- _PROBLEM_
Pictures are to be dropped, and only the lines from the one containing "Concha de Nylon" through the end of the data below are to be reproduced as written.

Dataset excerpts:

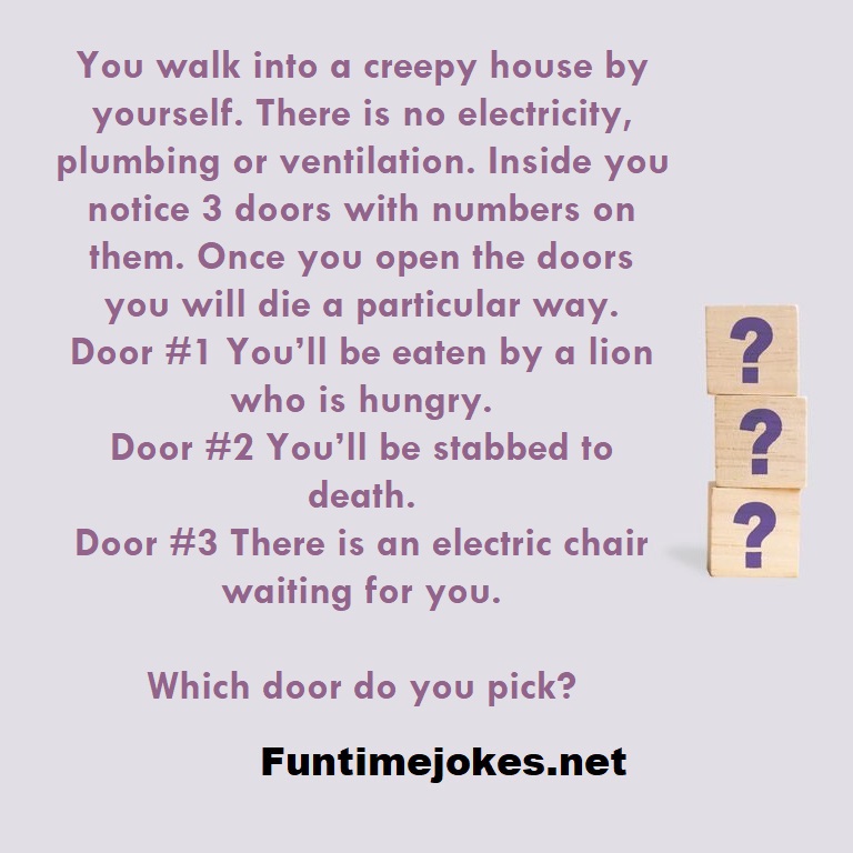 🏆 Take the 15-Riddle Challenge (Win at 80%+)You walk into a creepy house by yourself. There is no electricity, plumbing or ventilation. Inside you notice 3 doors with numbers on them. Once you open the doors you will die a particular way. Door #1 You’ll be eaten by a lion who is hungry. Door #2 You’ll be stabbed to death. Door #3 There is an electric chair waiting for you. Which door do you pick?
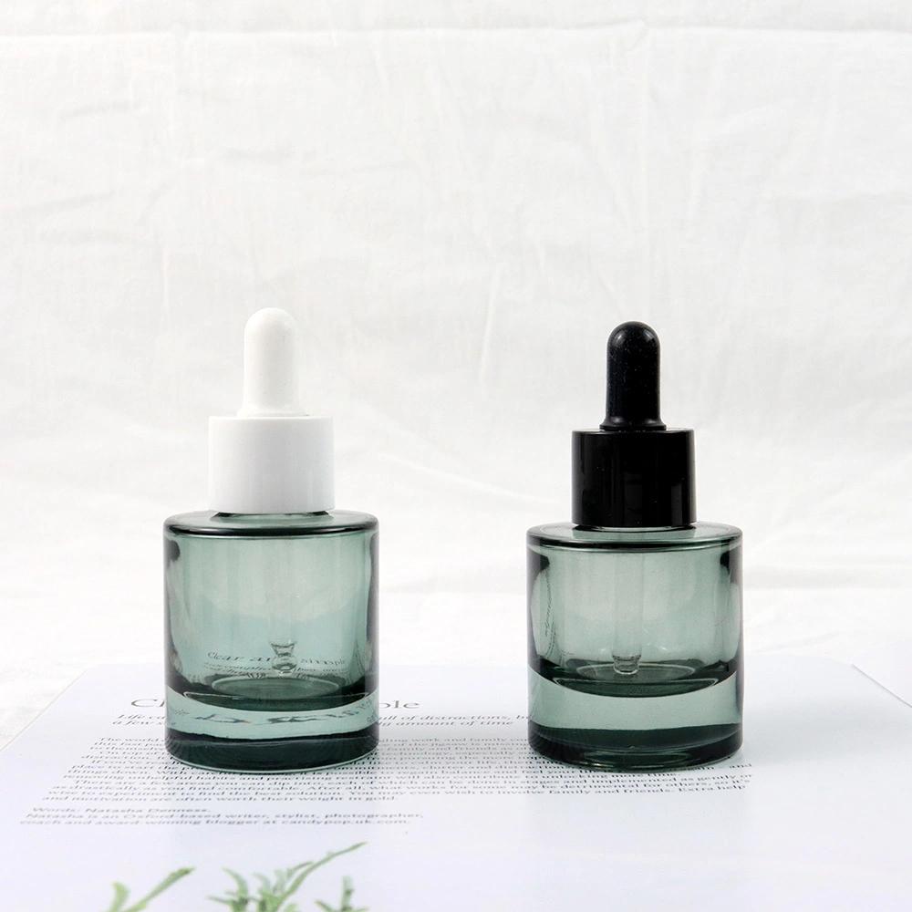 Light Green Flat Shoulder Glass Cosmetic Bottle Screw Top Dropper Bottle
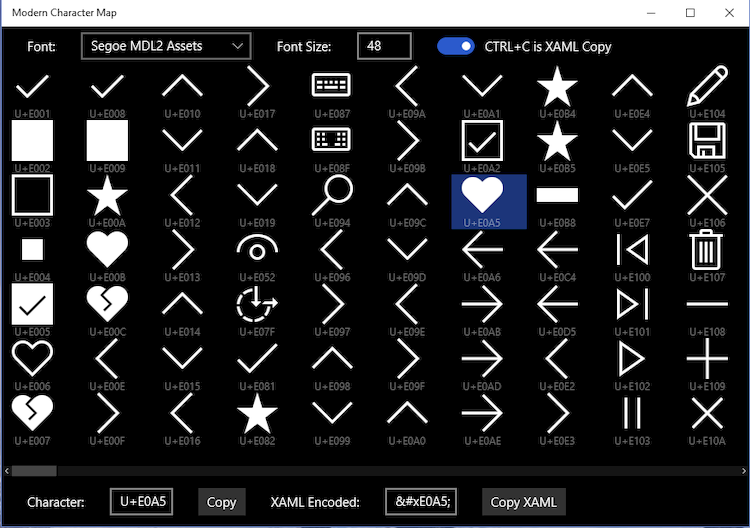 Использование приложения предельно простое: после запуска откроется окно с таблицей символов текущего шрифта. В верхней части расположена панель инструментов, где можно выбрать другой шрифт и изменить его размер отображения. Это особенно полезно при работе с детализированными или декоративными символами. При клике на любой знак программа мгновенно копирует его в буфер обмена и показывает его Unicode-значение, а также XAML-код, если он доступен. Такой подход экономит время при разработке интерфейсов, верстке и написании документации. Поддержка темной темы и четкое оформление позволяют эффективно использовать программу даже в условиях низкой освещенности.
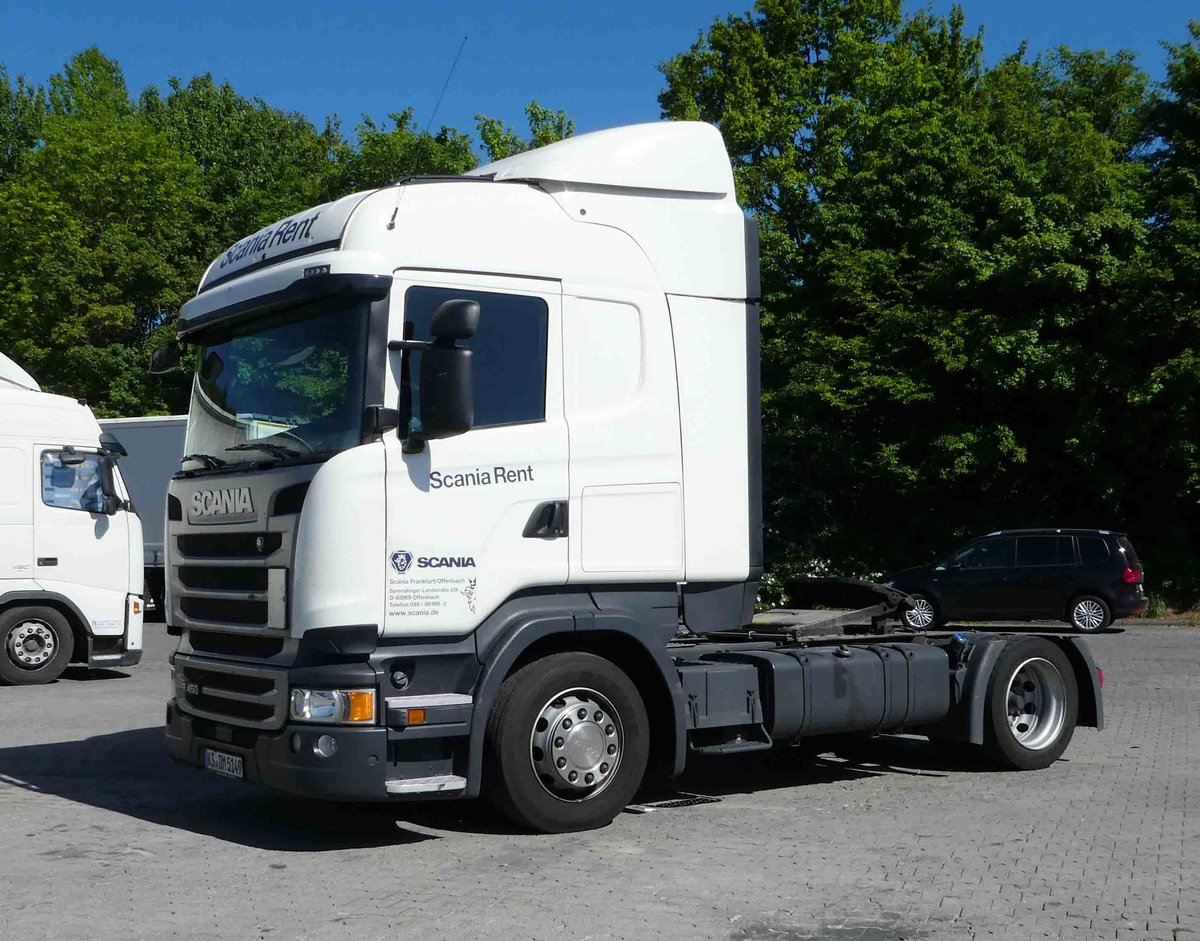 =Scania-Sattelzugmaschine von Scania-Rent steht auf dem Rasthof Fulda-Nord im Mai 2018
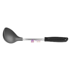 Concha de Nylon que permite uso em temperaturas de até 200 C e haste de aço inox. O cabo de polipropileno possui furo passante possibilitando que seja pendurado na sua cozinha. Utensílio ideal para uso em panelas com revestimentos antiaderentes e cerâmicos, pois não danifica o produto. Pode ir à máquina de lavar louças facilitando seu dia a dia.
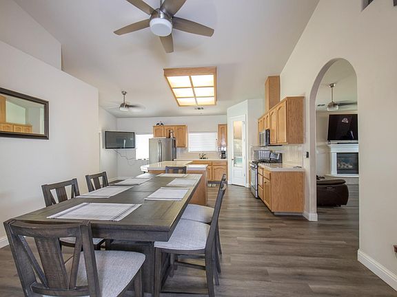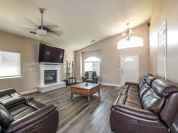 This beautiful four bedroom, two bathroom home is ideally located in Clovis, within the Clovis High School boundaries. This home features updated wood laminate flooring and many upgrades throughout, including surround sound. The kitchen has stainless steel appliances, a large island that is ideal for get togethers and the floor plan provides an open concept layout. The spacious three car garage offers ample storage space and parking. In the backyard, is your own tropical oasis, which boasts a sparkling inground pool, several palm trees, covered patio and open grass area, perfect for entertaining. Across the street is a small community park/grass area.
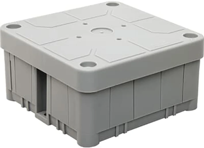 Kabeldoos, zeven uitbreekpoorten en drie invoerstukken voor 16 mm buis en kabel tot 14,5 mm. Inclusief een blind inzetstuk. Grijze deksel is voorzien van snelsluiting. Met centrale bevestigingsschroef voor montage op kabelgoot. Drie kabelgeleiders. |
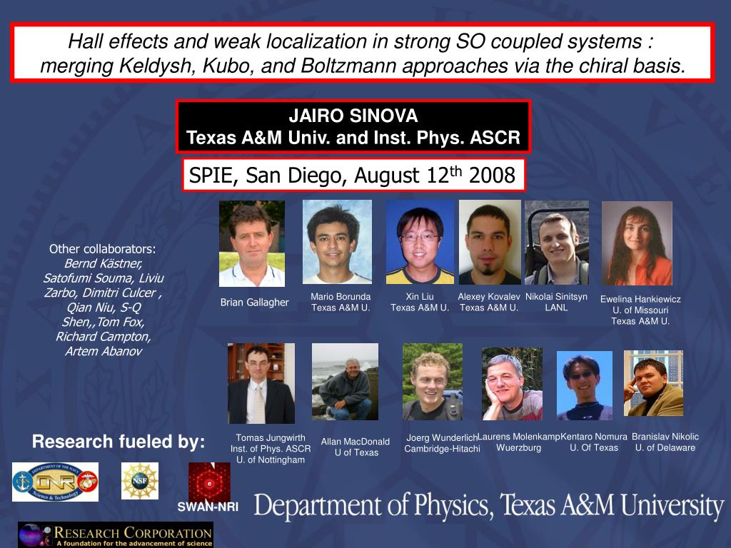 Hall effects and weak localization in strong SO coupled systems : merging Keldysh, Kubo, and Boltzmann approaches via the chiral basis. JAIRO SINOVA Texas A&M Univ. and Inst. Phys. ASCR. SPIE, San Diego, August 12 th 2008. Mario Borunda Texas A&M U. Xin Liu Texas A&M U. Alexey Kovalev
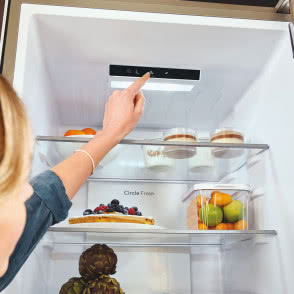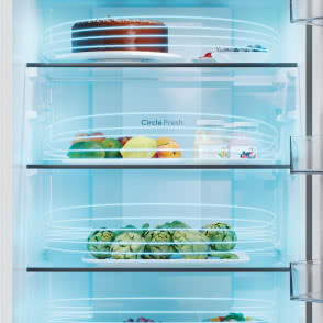 O świeżość naszych produktów dba również funkcja Total No Frost Circle Fresh. Zapewnia ona boczny przepływ powietrza wewnątrz lodówki po to, by temperatura i wilgotność utrzymywane były na odpowiednim poziomie. Dzięki temu żywność dłużej zachowuje smak, soczystość oraz pełnię wartości odżywczych.
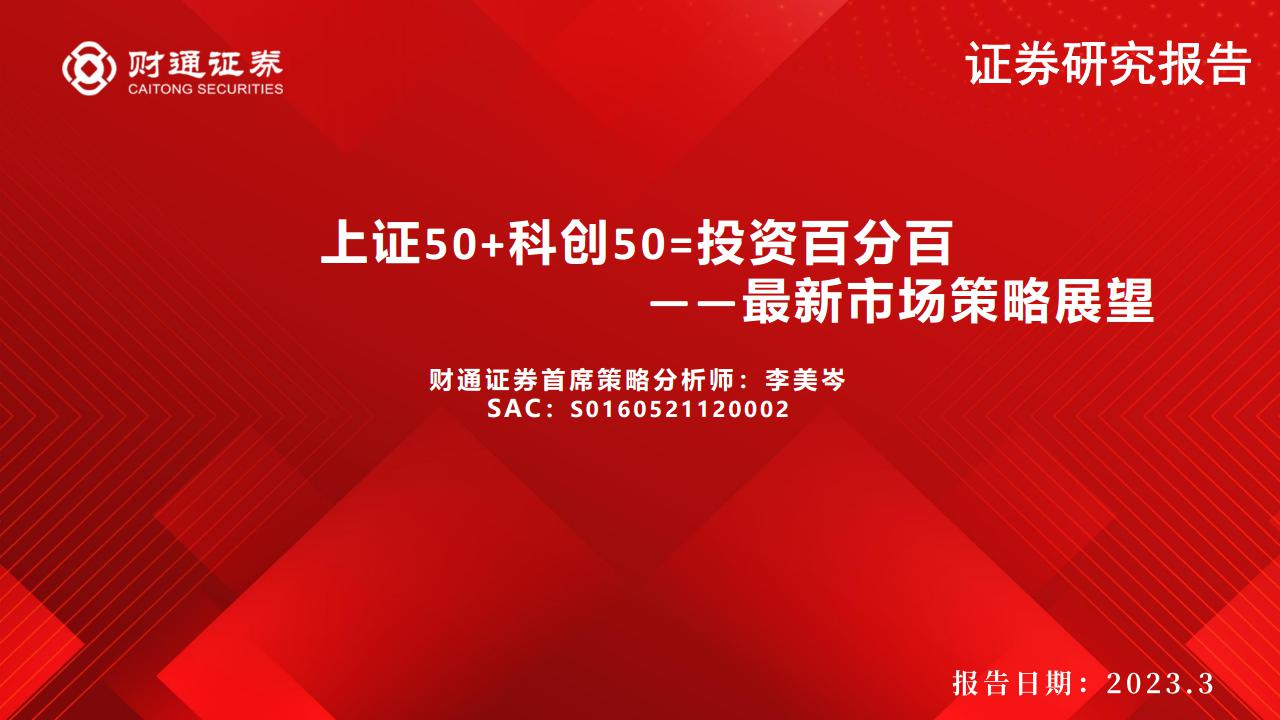 【财通证券】【20230309】最新市场策略展望:上证50+科创50=投资百分百-48页

- _OUTPUT FOR THIS TASK_
 Concha de Nylon que permite uso em temperaturas de até 200 C e haste de aço inox. O cabo de polipropileno possui furo passante possibilitando que seja pendurado na sua cozinha. Utensílio ideal para uso em panelas com revestimentos antiaderentes e cerâmicos, pois não danifica o produto. Pode ir à máquina de lavar louças facilitando seu dia a dia.
 This beautiful four bedroom, two bathroom home is ideally located in Clovis, within the Clovis High School boundaries. This home features updated wood laminate flooring and many upgrades throughout, including surround sound. The kitchen has stainless steel appliances, a large island that is ideal for get togethers and the floor plan provides an open concept layout. The spacious three car garage offers ample storage space and parking. In the backyard, is your own tropical oasis, which boasts a sparkling inground pool, several palm trees, covered patio and open grass area, perfect for entertaining. Across the street is a small community park/grass area.
 Kabeldoos, zeven uitbreekpoorten en drie invoerstukken voor 16 mm buis en kabel tot 14,5 mm. Inclusief een blind inzetstuk. Grijze deksel is voorzien van snelsluiting. Met centrale bevestigingsschroef voor montage op kabelgoot. Drie kabelgeleiders. |
 Hall effects and weak localization in strong SO coupled systems : merging Keldysh, Kubo, and Boltzmann approaches via the chiral basis. JAIRO SINOVA Texas A&M Univ. and Inst. Phys. ASCR. SPIE, San Diego, August 12 th 2008. Mario Borunda Texas A&M U. Xin Liu Texas A&M U. Alexey Kovalev
 O świeżość naszych produktów dba również funkcja Total No Frost Circle Fresh. Zapewnia ona boczny przepływ powietrza wewnątrz lodówki po to, by temperatura i wilgotność utrzymywane były na odpowiednim poziomie. Dzięki temu żywność dłużej zachowuje smak, soczystość oraz pełnię wartości odżywczych.
 【财通证券】【20230309】最新市场策略展望:上证50+科创50=投资百分百-48页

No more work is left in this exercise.